Micah
- 2006 edition cover
- Author: Laurell K. Hamilton
- Cover artist: Cover design by Judith Myrello, cover art by Craig White
- Language: English
- Series: Anita Blake: Vampire Hunter
- Genre: Horror, mystery, erotic
- Publisher: Jove Books (Jove edition)
- Publication date: 2006 (Jove edition)
- Publication place: United States
- Media type: Print
- Pages: 288 (Berkley edition)
- ISBN: 0-515-14087-2 (Berkley edition)
- OCLC: 64021233
- LC Class: CPB Box no. 2450 vol. 12
- Preceded by: Incubus Dreams
- Followed by: Danse Macabre

= Micah (novel) =

2006 novel by Laurell K. Hamilton

Micah is a horror/mystery/erotica novel by American writer Laurell K. Hamilton, the thirteenth book in the Anita Blake: Vampire Hunter series.

==Plot==
Micah apparently takes place approximately one month after the events of Incubus Dreams. Tammy Reynolds, one of the characters in the series, is four months pregnant in Incubus Dreams and five months pregnant in Micah). As usual, Anita must juggle several problems simultaneously.

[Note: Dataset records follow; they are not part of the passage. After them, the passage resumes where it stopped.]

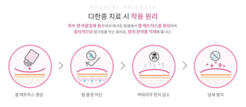 이 3가지의 제품들은 모두 땀 분비를 억제해주는 효과를 가지고 있으며, 주로 겨드랑이, 손, 발의 땀과 다한증을 개선해주는 효과를 지니고 있습니다. 냄새의 원인인 땀 분비를 억제해주면 냄새 때문에 매일같이 뿌려대던 데오드란트도 안 뿌려도 되고 스트레스가 줄어들 것이라는 생각이 듭니다!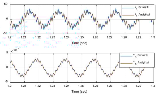 Thus, in Figure 22, two variables of both models are superposed: i3α and v3α. They operate with an active pure resistance of 10 Ω (at the low voltage side) to 550 Hz and an active resistance of 7 Ω (at the low voltage side) to 650 Hz. It can be seen that both variables match significantly well, even knowing the fact that at current i3α an important current ripple appears at the Simulink detailed model, while it does not appear in the analytical model because is not considered. It can be said that this good agreement between both models is also corroborated in the rest of the variables of the system and at different operating conditions. However, due to lack of space and in order to simply this exposition, these results are not shown in this article.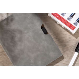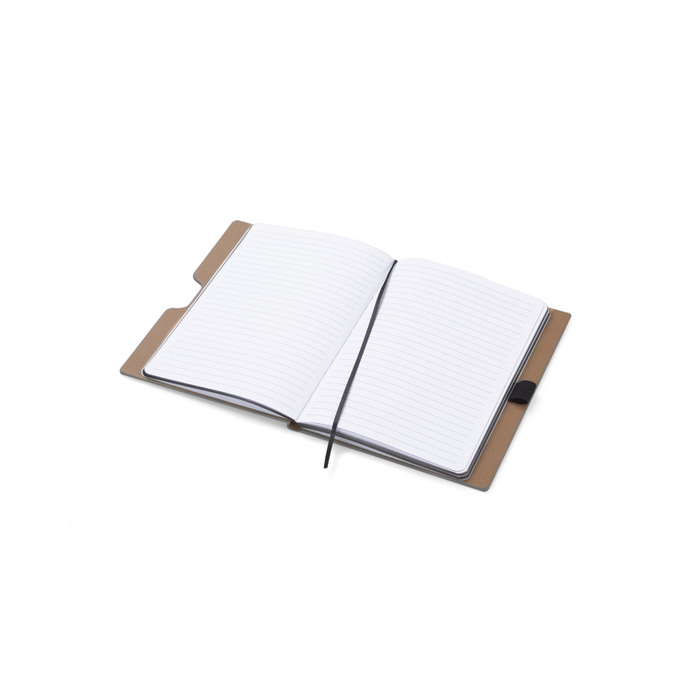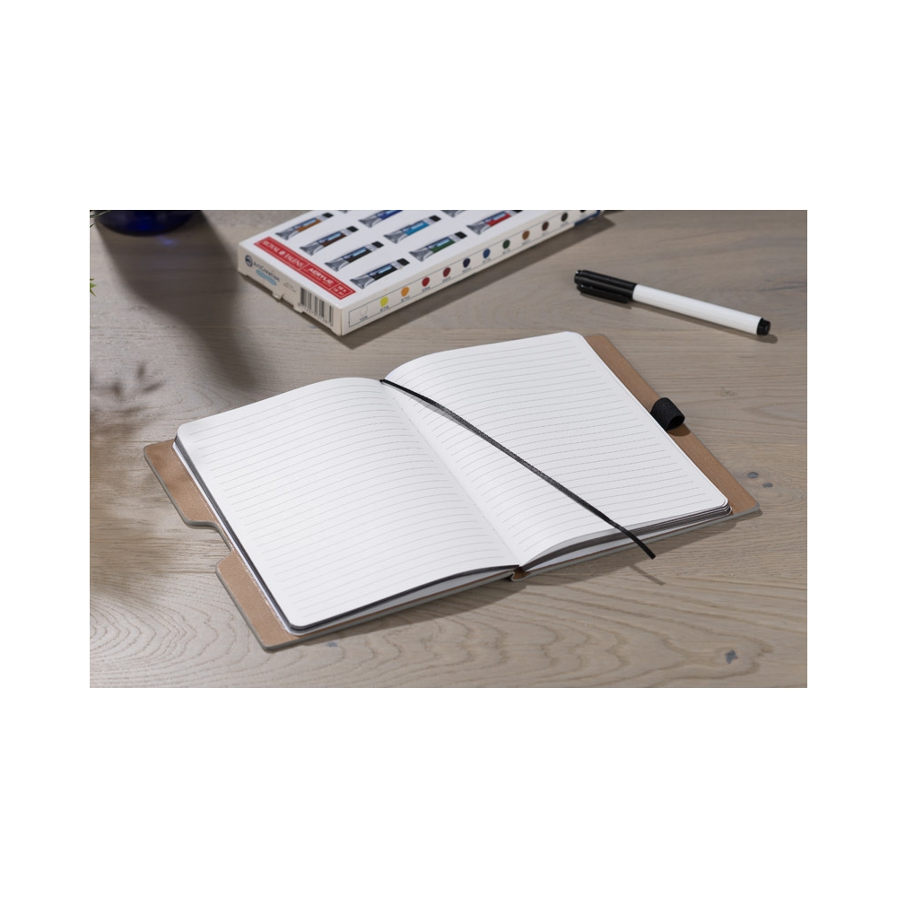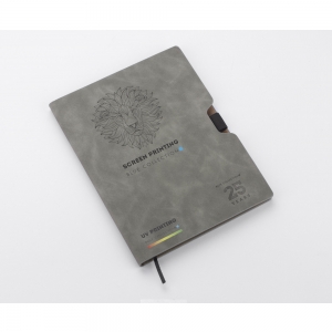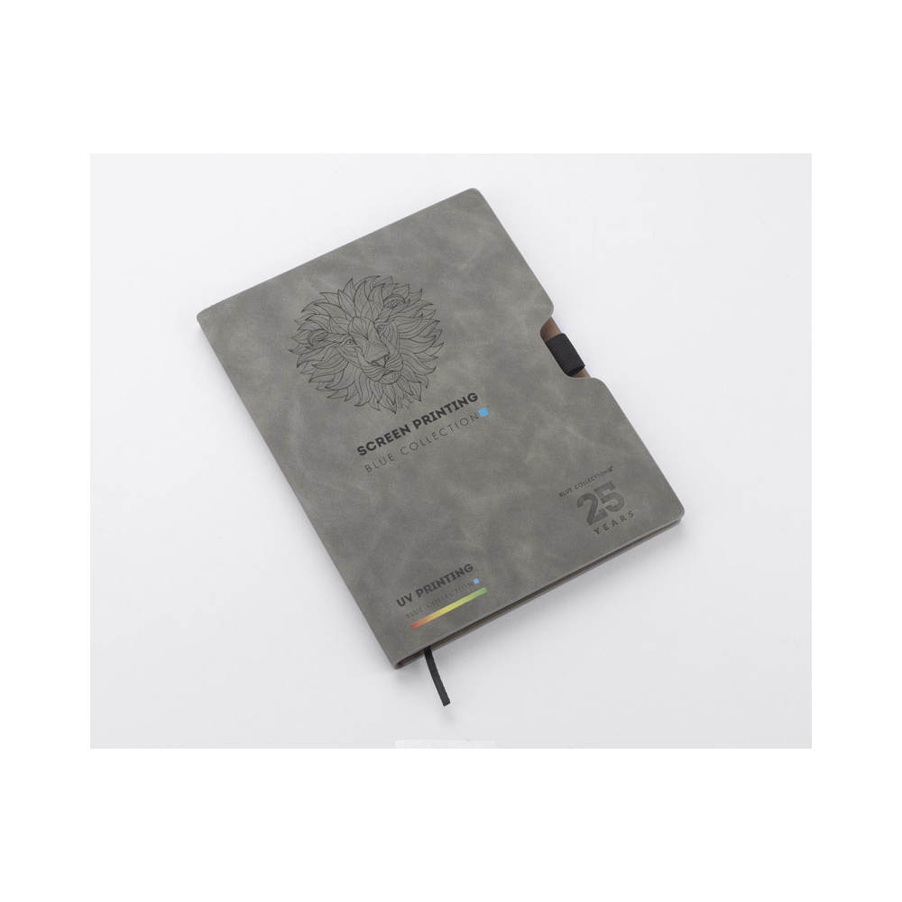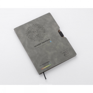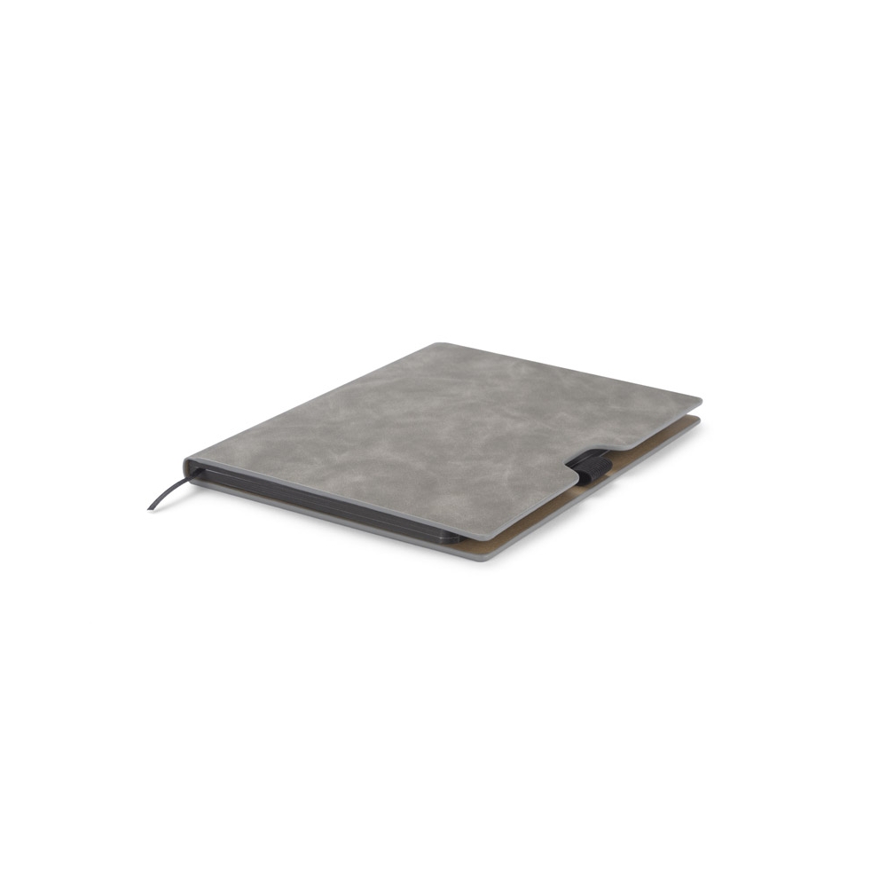 Artikel-Nr: ARD17716-02BLAKK ist ein klassisches Notizbuch mit einem Einband aus grauem lederähnlichem Material (PU). Die schwarzen Kanten der Seiten verleihen ihm ein elegantes Aussehen. Das Notizbuch enthält 80 Blatt weißes, liniertes Papier. Der Einband hat ein Gummiband - Stifthalter und ein schwarzes Lesezeichen mit Band.

First, in her role as an animator, Anita must travel to Philadelphia on short notice to substitute for Larry Kirkland, who must remain in St. Louis because of complications in his wife Tammy's pregnancy. Although the assignment—reanimating a recently deceased federal witness in order to testify in an organized crime investigation—initially seems routine, Anita quickly begins to suspect that there is more to the case than she and Larry have been told.

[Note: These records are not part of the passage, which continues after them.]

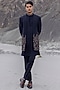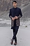 Featuring a navy blue front-open indowestern in poly knit base with floral hand embroidery. It is paired with a twill modal embroidered kurta and poly knit pants. Style it with mojaris for a festive occasion, wedding or engagement ceremony, exuding charm and elegance.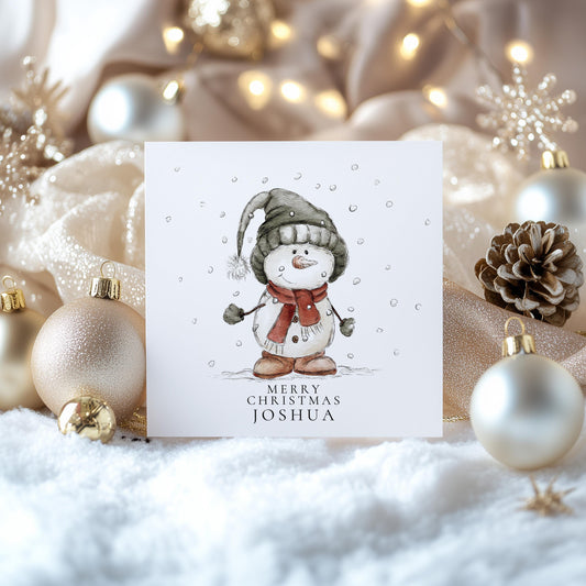Personalised Snowman Card – Custom Name Christmas Greeting Card With Matte Finish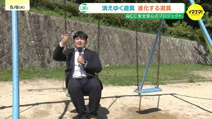 「ブランコといえば、チェーンでこのように腰掛けるタイプが昔は一般的でしたが、今はどんどん変わってきています。」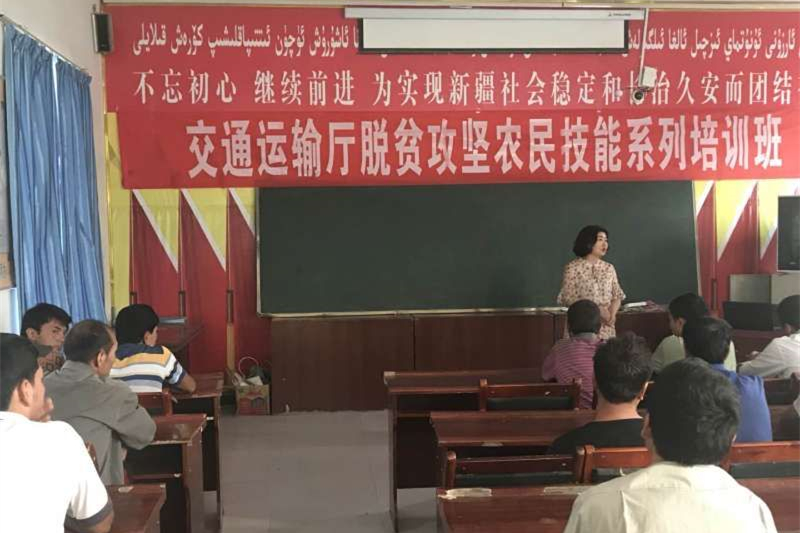 学院于7月10日-8月9日在岳普湖县和英吉沙县开展第一轮脱贫攻坚技能培训工作。公路养护技术培训是根据交通运输厅农民工转移就业脱贫的要求组织实施,培训内容主要从职业素质教育、专业基础基础知识、日常养护内容、日常护路执法等五个模块进行培训。岳普湖县培训点主要分为岳普湖乡、铁热木镇、也克先拜巴扎镇三个片区,为了方便当地农民就近参加学习,每个片区均设置一个培训点,时间从7月17日开始至7月22日为期6天,培训人员近百人。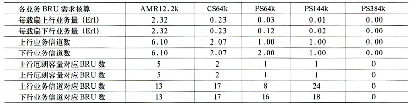 表9中,例如SF16×2code×1TS/QPSK的码道配置,可理解为:SF16~扩频因子为16;2code~单时隙上需这样的码道数为2;1TS~无线子帧中需占用1个时隙;QPSK则为该业务的基带调制方式。通常我们将一个扩频因子为16的码道定义为一个BRU(Basic Radio Unit,基本信道单元),在TD系统5ms的无线子帧中上下行业务信道共含96个BRU资源。而上下行各业务扩频因子虽不同,但其占用资源均可折算为BRU的倍数,例如:上下行AMR12.2k业务分别占用的BRU数均为2个,而PS144k上行占用BRU为24(QPSK)/16(8PSK)个,下行则占用为18个BRU。因此,容量配置及时隙比例规划均可转化为对BRU资源占用情况的分析上。而由于CS域及PS域业务QOS不同,通常PS域为“尽力而为”的非实时业务,因此其容量配置策略为:首先依据CS域实时业务的实际爱尔兰容量,按呼损要求,通过Erlang B公式计算出信道需求,再将该信道数对应的总BRU数减去CS域业务实际容量所需BRU,而该部分BUR差值则可用于PS域数据业务,并根据需要增补必要的BRU资源给PS域业务[5]。

Second, Anita continues to deal with her various personal problems, in this case her relationship with Micah, who accompanies her on the trip. Anita must come to terms with Micah's decision to reserve a nice hotel room for the two of them without telling her, and must help Micah get over two of the defining problems in his life: first, the trauma narrowly surviving a wereleopard attack that left several members of his family dead; and second, the trauma of accidentally harming a previous girlfriend during sex, due to his unusually large penis.

Third, Anita continues wrestle with her recent increase in power, first attempting to deal with the ardeur, a metaphysical effect that causes Anita to need to have sex every few hours, and second, wrestling with the vast increase in her own powers as a necromancer, which are now so powerful that her attempt to raise a single person threatens to raise every corpse in the cemetery. As usual, Anita is able largely to resolve each of these problems by the end of the novella.

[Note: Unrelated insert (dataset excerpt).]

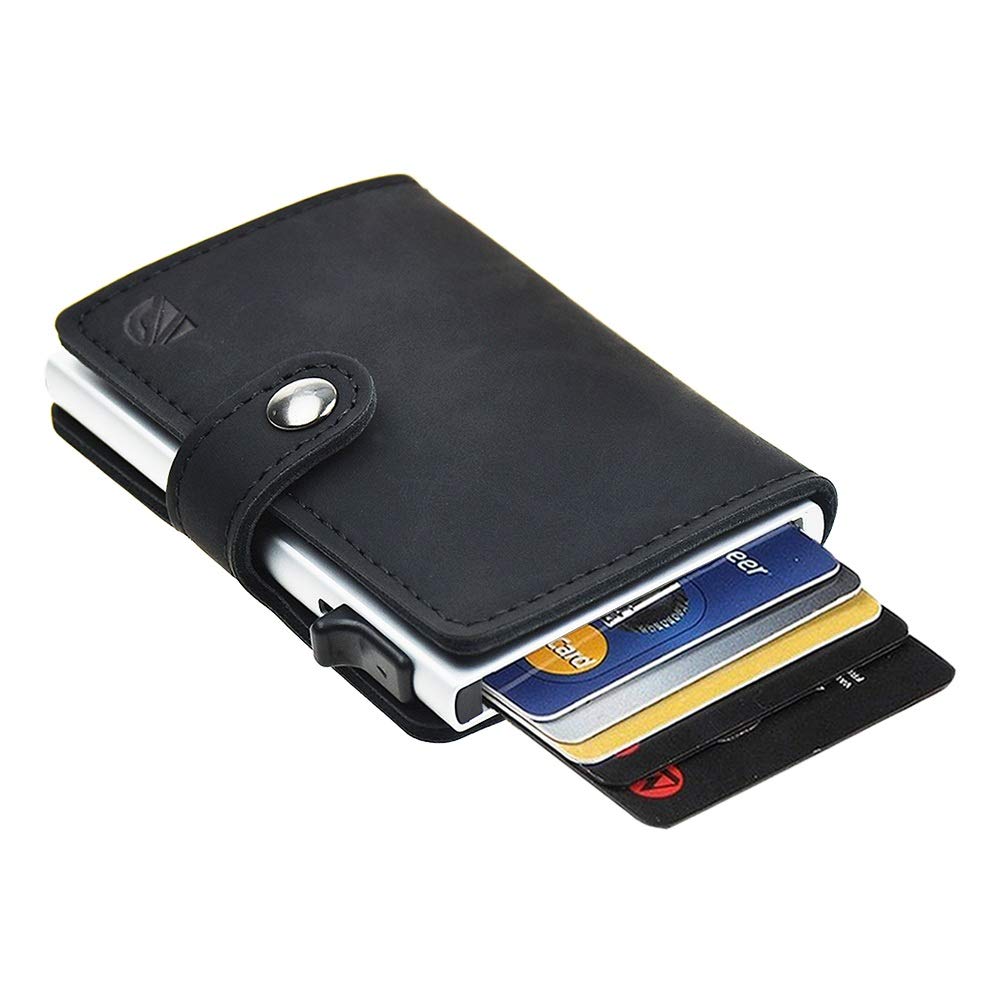 Delgado y Agradable: solo 16 mm plano. El diseño delgado de moda hace que el titular de la tarjeta se vea más elegante y vintage. Incluye un compartimiento de caja de metal con un botón emergente que puede contener de 5 a 6 tarjetas, además de 2 bolsillos adicionales en la billetera que podrían usarse para otras tarjetas (licencia de conducir, tarjeta de seguro, etc.) y un compartimento para guardar poco efectivo o facturas ¡Esta pequeña billetera tiene todo lo que necesitas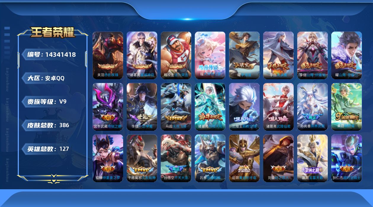 [14341418]贵族9 星耀2 贵族积分162458 安卓手q298区386皮3典藏27传说0无双1珍品传说v9 营地id2128034767至尊星耀ii【珍品传说皮肤】:大耳狗之梦【荣耀典藏】:赤影疾锋星域神启活力突击【优质限定皮肤】:山海·苍雷引山海·炽霜斩无双飞将神威凤求凰【传说皮肤】:地狱之眼玄雷天君怒海麟威鸣野蒿李 山海·苍雷引山海·炽霜斩齐天大圣时

The initial plot point—the animation—is not resolved until the very end of the novella. Although Anita initially wrestles with her increase in power, she is ultimately able to confine her power to a single corpse, raising only the witness, Emmett Leroy Rose. However, Anita then learns that although Rose technically died of a heart attack, the heart attack itself occurred after the defense lawyer in the investigation, Arthur Salvia, framed Rose for murder. Rose therefore considers Salvia his murderer and will not rest until he has killed Salvia. In the ensuing fracas, Anita is knocked unconscious, and Salvia is killed.

With regard to Anita's personal problems, she and Micah make some progress. Anita decides to accept that Micah surprised her with the romantic hotel, and listens to him share the traumas of almost being eaten alive by a wereleopard and of being rejected by various women. Anita sympathizes with Micah's survivor's guilt, and, in a conversation very similar to her conversation with Richard in Incubus Dreams, explains to Micah that some women do not like well-endowed men, but other women, such as Anita, do.

==Characters==

===Major characters===
Incubus Dreams features the following major characters.
- Anita Blake:
- Micah: Micah reveals some of his past and shows an emotion that is not so easy-going. Anita actually hurt his feelings when she didn't like the hotel room, which he arranged for once he realized that it was only going to be the two of them, this one time. Micah has also never seen nor helped Anita's animator part before, so the zombie raising was a new experience. He also points out that it is hard to be a man in Anita's life because she's so aggressive and it was nice to see her be weak or coward-like on the airplane.
- Nathaniel: Nathaniel appears only in the beginning and end of the novella, and is his typical supportive self. The only major character development for Nathaniel is when he and Micah reveal that they believe that Asher has a crush on Nathaniel.

===Other characters===
Recurring characters include:

- Larry Kirkland: Larry appears in the beginning and in the end, to put the zombie to rest. Apparently Tammy's baby is fine, the labor was stopped.
- Agent Franklin: Someone that Anita worked in New Mexico with Bradley Bradford, who doesn't like Anita very much and has apparently been reassigned. When Anita is in the graveyard however, Agent Franklin appears to be a bit sensitive to the magic or spirits involved which might explain the dislike.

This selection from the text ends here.